Prototipe Starship terbaru SpaceX melewati tes utama yang menempatkannya di jalur untuk penerbangan pertama

By | June 4, 2020

Prototipe Starship terbaru SpaceX melewati tes utama yang menempatkannya di jalur untuk penerbangan pertama

 

Prototipe Starship terbaru SpaceX melewati tes utama yang menempatkannya di jalur untuk penerbangan pertama

Prototipe Starship terbaru SpaceX melewati tes utama yang menempatkannya di jalur untuk penerbangan pertama

SpaceX telah mengembangkan roket Starship generasi berikutnya untuk beberapa waktu sekarang, tetapi prototipe

skala besar yang dibangunnya di Boca Chica, Texas, sejauh ini selalu menghadapi kesalahan fatal selama bagian penting dari pengujian yang disebut “cryo” – atau mengisi tangki bahan bakar hingga tekanan penuh dalam kondisi yang mensimulasikan ruang hampa udara. Prototipe terbaru, yang disebut ‘SN4’ untuk ‘seri nomor 4,’ akhirnya telah lulus tes ini, dan itu membuka jalan bagi tes kebakaran mesin diikuti oleh penerbangan singkat.

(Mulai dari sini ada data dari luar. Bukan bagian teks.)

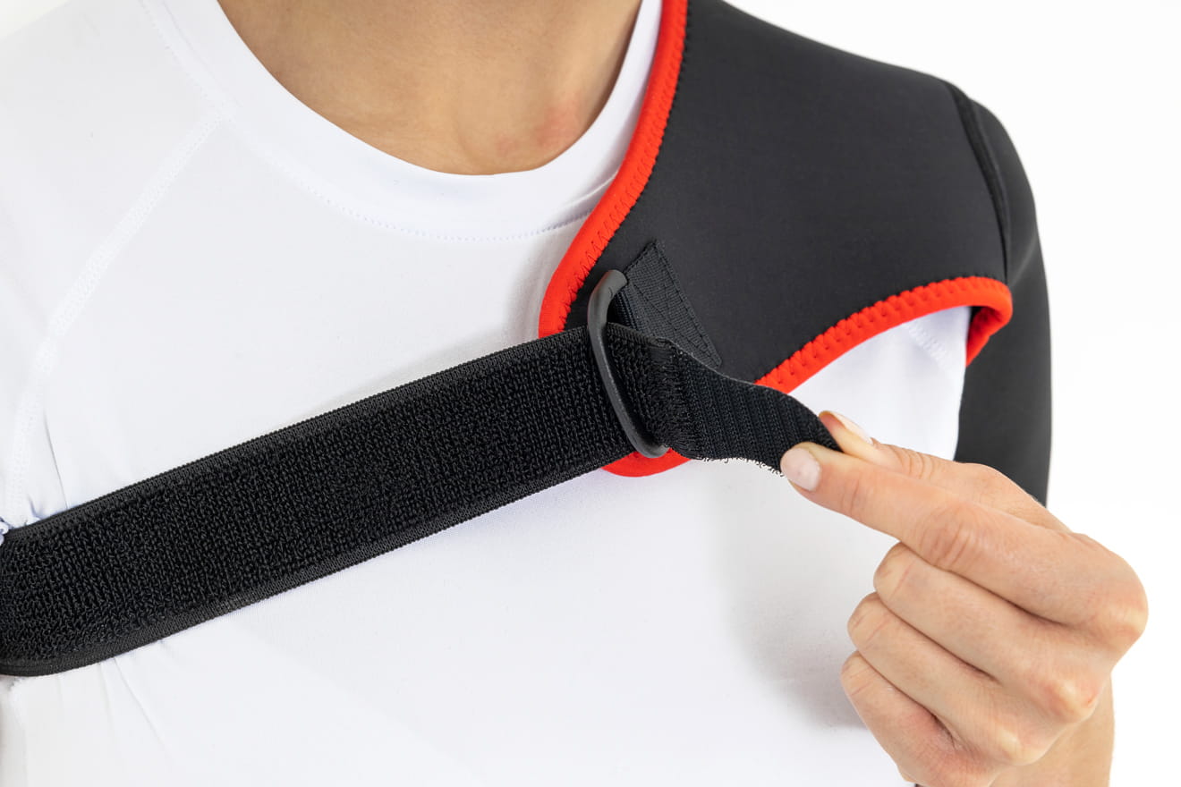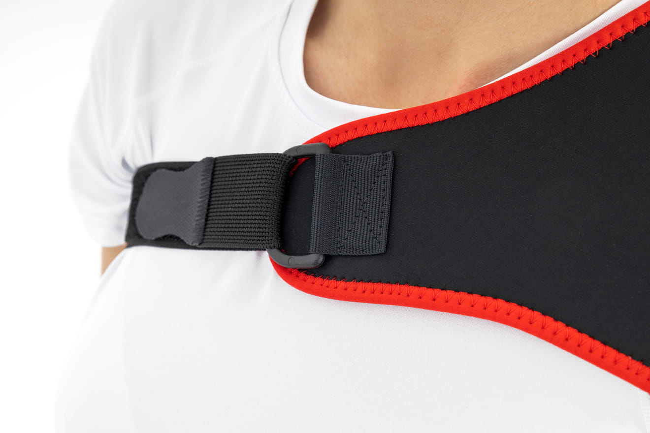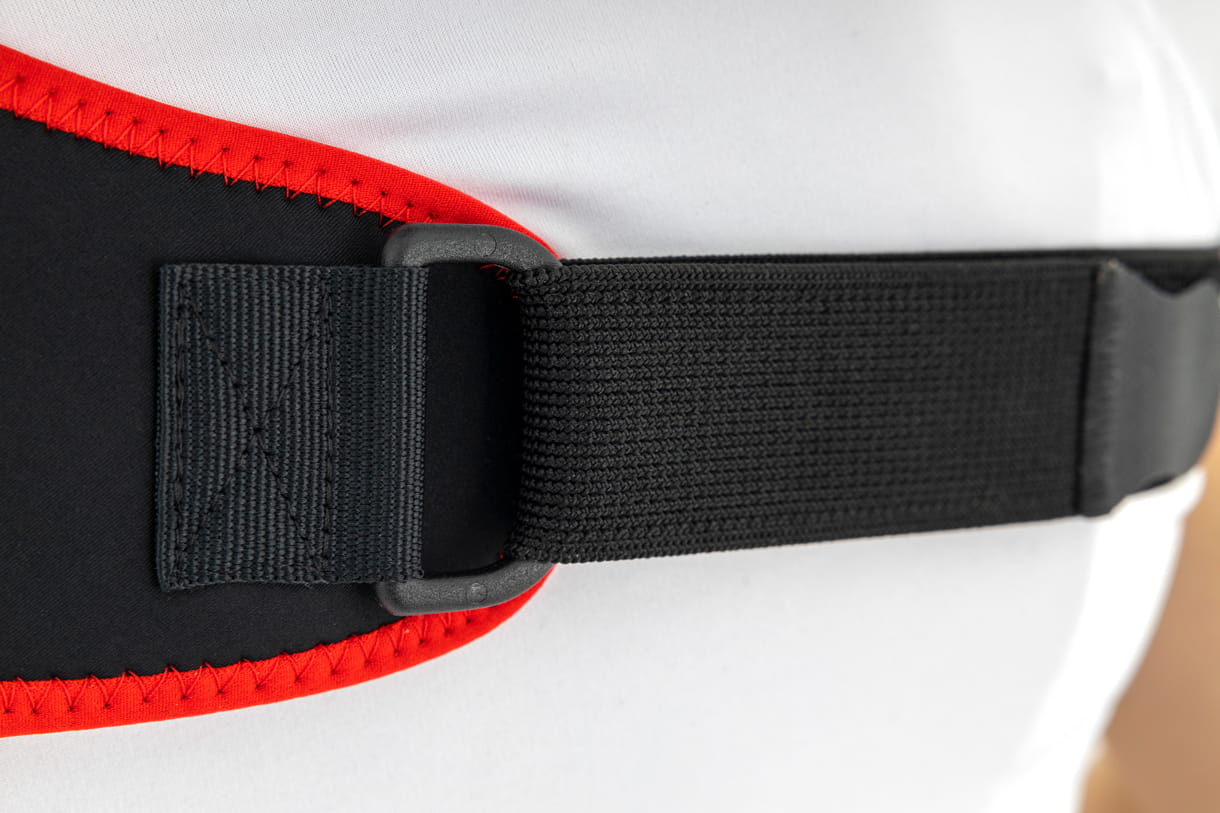 Łatwe zakładanie i zdejmowanie ortezy następuje dzięki wysokiej sprężystości i miękkiej taśmie mocowanej w górnej części ciała.

SpaceX Prototipe SN4 menyerupai seperti apa bentuk roket terakhirnya, tidak seperti demonstran sub-skala

Starhopper yang awalnya perusahaan terbang hanya untuk memamerkan apa yang bisa dicapai mesin Raptor barunya. SN4, seperti Starhopper, dilengkapi dengan mesin Raptor tunggal, yang memungkinkan kendaraan melakukan penerbangan singkat untuk tujuan pengujian. Versi berikutnya, SN5, akan memiliki tiga mesin raptor menurut SpaceX CEO dan pendiri Elon Musk, yang masih kurang dari enam yang dimiliki versi fungsional penuh dari Starship, tetapi itu akan memungkinkannya untuk melakukan penerbangan uji yang lebih lama dalam persiapan untuk demonstrasi peluncuran orbital.

Menguji dan mengembangkan sistem roket dan peluncuran baru akan selalu mengalami masalah, karena semua simulasi di dunia tidak dapat mereplikasi kondisi dan fisika penggunaan dunia nyata. Tetapi kegagalan Starship sebelumnya pada fase pengujian cryo mulai terlihat seperti mereka bisa menjadi masalah yang lebih mendasar – setelah itu, apa yang membuat SN1 rendah dari SN3.

SpaceX sekarang akan melakukan uji api statis dari mesin Raptor yang dipasang pada prototipe, yang bisa terjadi

sesegera minggu ini, dan kemudian pesawat pengembangan akan mencari untuk melakukan penerbangan sekitar 150 meter (sekitar 500 kaki), yang sama tingginya dengan yang dilakukan Starhopper. Itu sama sekali tidak setinggi yang dibutuhkan untuk pergi untuk menerbangkan misi orbital, tentu saja, tetapi itu adalah ujian yang akan menunjukkan bagaimana kendaraan skala penuh berkinerja di ketinggian rendah, yang merupakan info kunci yang dibutuhkan SpaceX sebelum mengembangkan ketinggiannya. -Alitude dan prototipe orbital.